Probably the most important project we have ongoing is the merger of crop modeling methodologies integrating environmental covariates and crop modeling into the genomic selection framework to predict G*E (Heslot et al. 2014). Crop modeling has the goal of assessing the impacts of climate change on productivity and how crops adapt to climate change. Crop modelers calibrate crop models to give reliable predictions under baseline and future climate scenarios with the long-term goal of enhancing world food security and adaptation capacity. By combining crop modeling methods with whole-genome genotyping in a GS framework, we can predict G*E for unobserved environments, and thus, performance and stability based only on genotype. In addition, we can better understand the characteristics of the target population of environments and determine the genetic architecture controlling G*E. In this experiment, we used a dataset consisting of grain yield of 2,437 elite winter wheat lines grown in 44 environments over 6 years in France and genotyped with 1,287 SNP markers. Daily climatic weather data were used to characterize environments. In this study, we extended factorial regression to the GS context and developed a new machine learning approach to capture the non-parametric response of QTL to stresses. This approach was used along with a crop model to enable the use of daily weather data in prediction models. Those G*E predictions could be used to make breeding decisions for specific adaptation. Physiological integration of the environment data involved the use of a crop model (Sirius) to compute the phenology and synchronize early, medium, and late maturing genotypes to the weather data. Stress covariates by developmental stage were derived by using knowledge about sensitivity of specific growth stages to abiotic stresses that were used as independent covariates in statistical genetic models for effect estimation and prediction.

Model description:

$$ {y}_{ij}=\mu +{\beta}_j+{u}_i+{\gamma}_if\left({x}_j\right)+{\varepsilon}_{ij}, $$

where Mu is the intercept, the Beta term is the environment effect, u is a genotype main effect, Gamma is the sensitivity of each genotype to a stress covariate x, that can be transformed by a function f(), and Epsilon is the model residual. Crop modeling allows us to leverage agronomy knowledge, reduce dimensionality and non-linearity, and enables the use of existing breeding data. Performance is predicted as main effect plus G*E deviation and environment clustering based on predicted G*E. Because G*E can be predicted for any genotype in any environment, it is possible to use the table of G*E predictions to cluster environments and investigate the structure of the target population of environments. For this data set, environments were mainly grouped by year but also showed a North/South trend. If we plot the accuracy of the models with and without including G*E, we can get an overall view of the importance of this term (Fig. 45.5). Each dot represents an environment, and a dot above the line indicates higher accuracy with the model that included G*E. Overall, there was an 11.1 % increase in mean accuracy (P-value 0.02) and a 10.8 % decrease in the accuracy coefficient of variation. It is important to note that the largest gains occurred in environments where accuracies were low. These results are important because, if successful, we will be able to predict GxE for any genotype based only on genotype. This would allow the breeder to select genotypes that interact positively with a particular environment, genotypes that minimize GxE, or genotypes that interact positively with environmental factors that limit performance.

Fig. 45.5
figure 5

Relative prediction accuracy of prediction models with and without modeling G*E

In summary, GS differs from MAS and Association Breeding in that the underlying genetic control and biological function is not necessarily known.

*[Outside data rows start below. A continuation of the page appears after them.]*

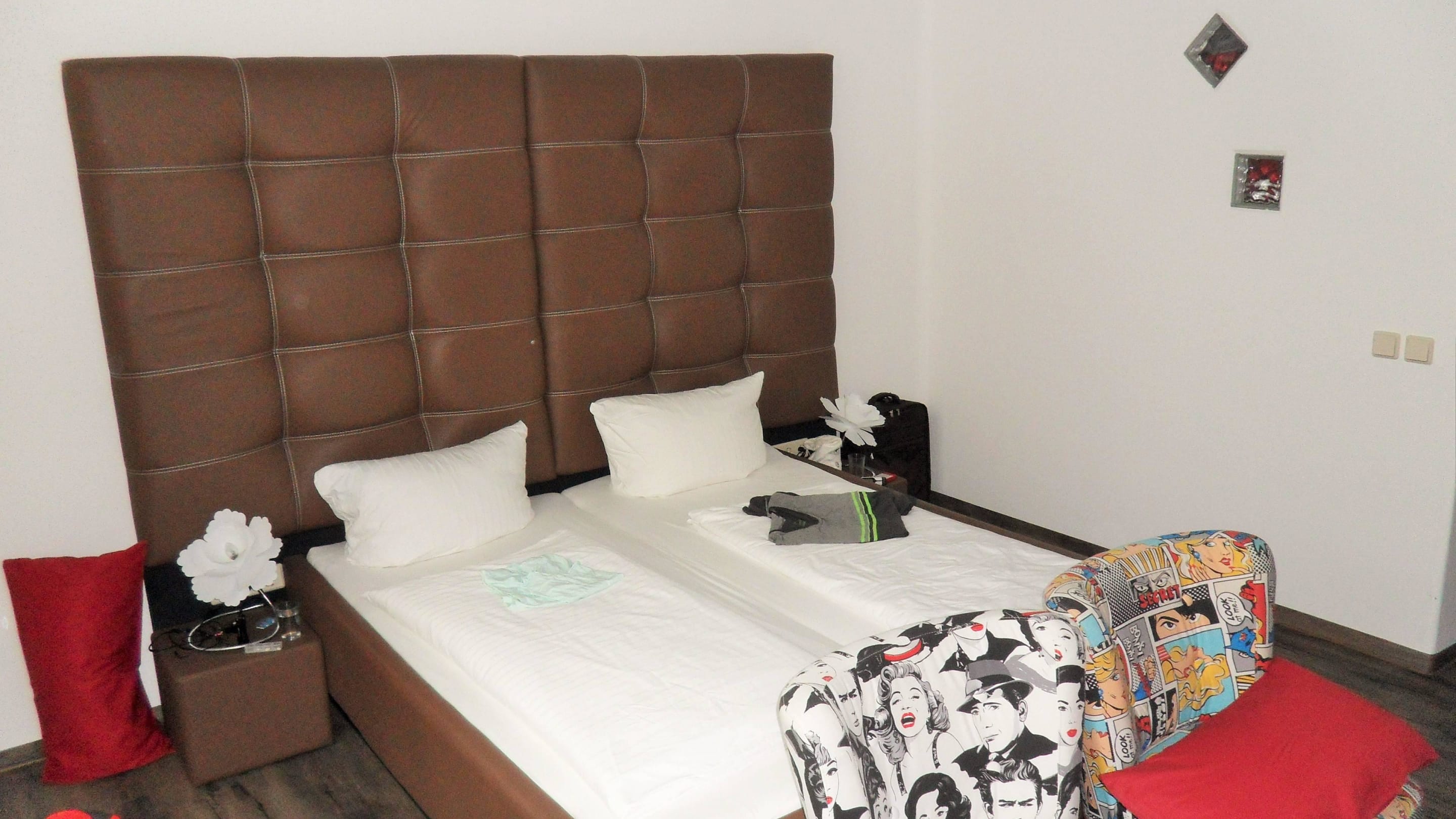 Doppelbett mit getrennten Matratzen und Sessel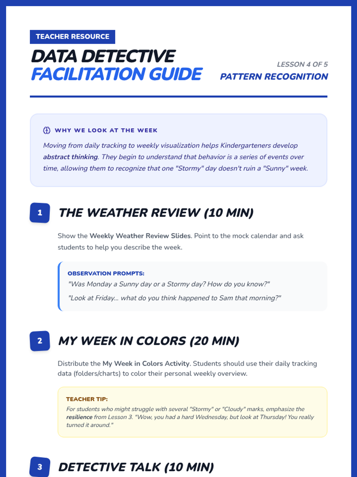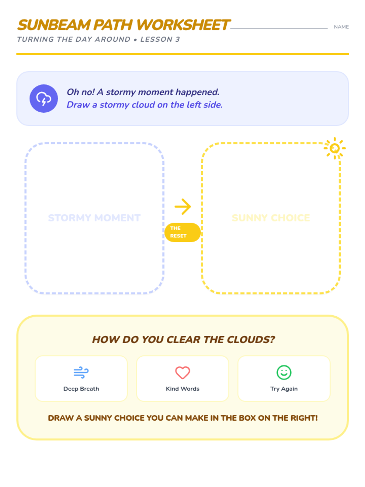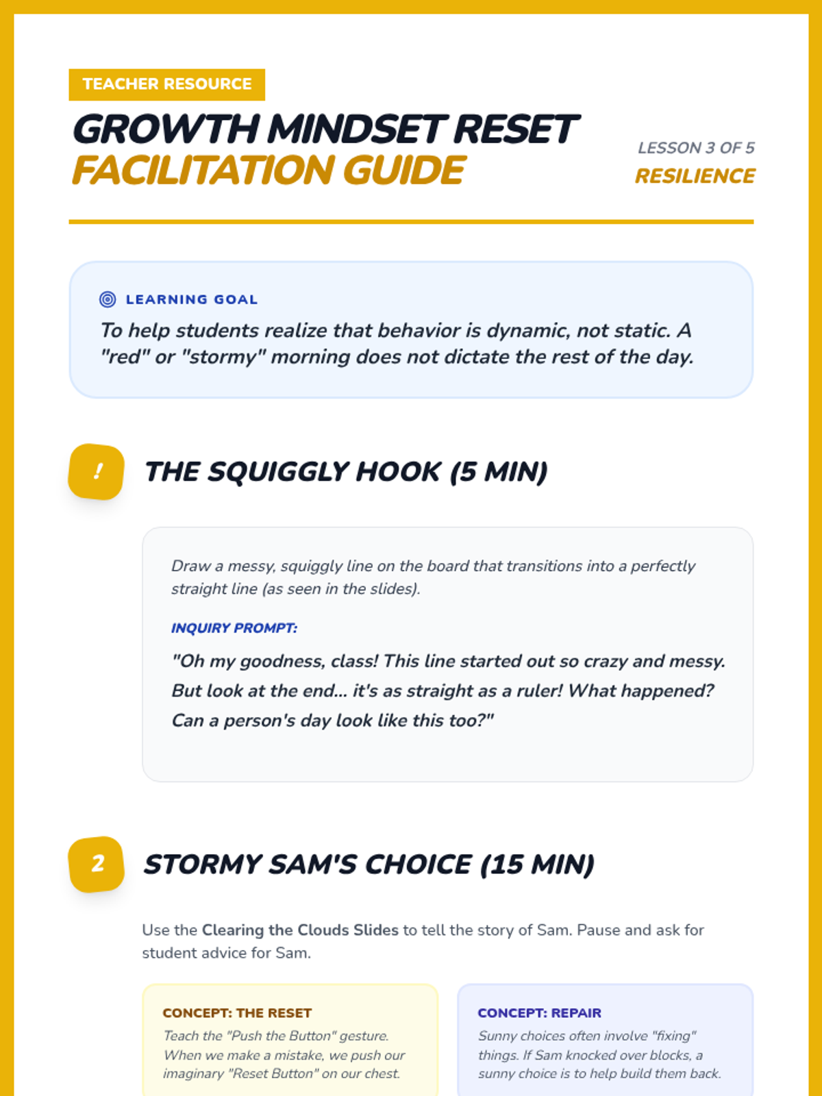A sequence for Kindergarteners to develop self-reflection skills through weather-based behavior metaphors. Students learn to identify their internal states, practice mid-day self-assessment, and understand how to turn their day around.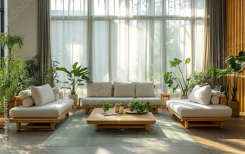 room, interior, design, home, decor, furniture, sofa, couch, living, space, modern, minimalist, contemporary, style, apartment, house, light, bright, sun, window, plant, green, natural, wood, bamboo, calm, peaceful, serene, relaxing, comfort, cosy, cushion, pillow, floor, rug, carpet, table, hot drink, potted, arrangement, aesthetic, ambience, setting, scene, view, day, sunlight, shadow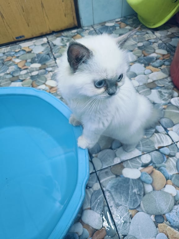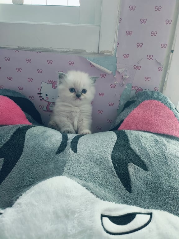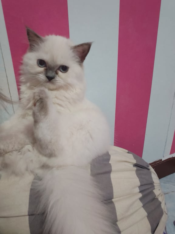 รอยตำหนิ: เท้าหน้าซ้ายไม่มีแต้มดำซน ขี้เล่น สีคล้ายหิมาลายัน เท้ามีแต้มดำทุกเท้ายกเว้น ไม่มีแต้มที่เท้าหน้าซ้าย จมูกดำ หูดำ หางดำ ตาสีฟ้า

GS preserves the creative nature of phenotypic selection to sometimes arrive at solutions outside the engineer’s scope. Integrating environmental covariates and crop modeling into the genomic selection framework to predict G*E increases prediction accuracy and provides insight into the genetic architecture controlling G*E. The most important advantages are reductions in the length of the selection cycle resulting in greater genetic gain per year.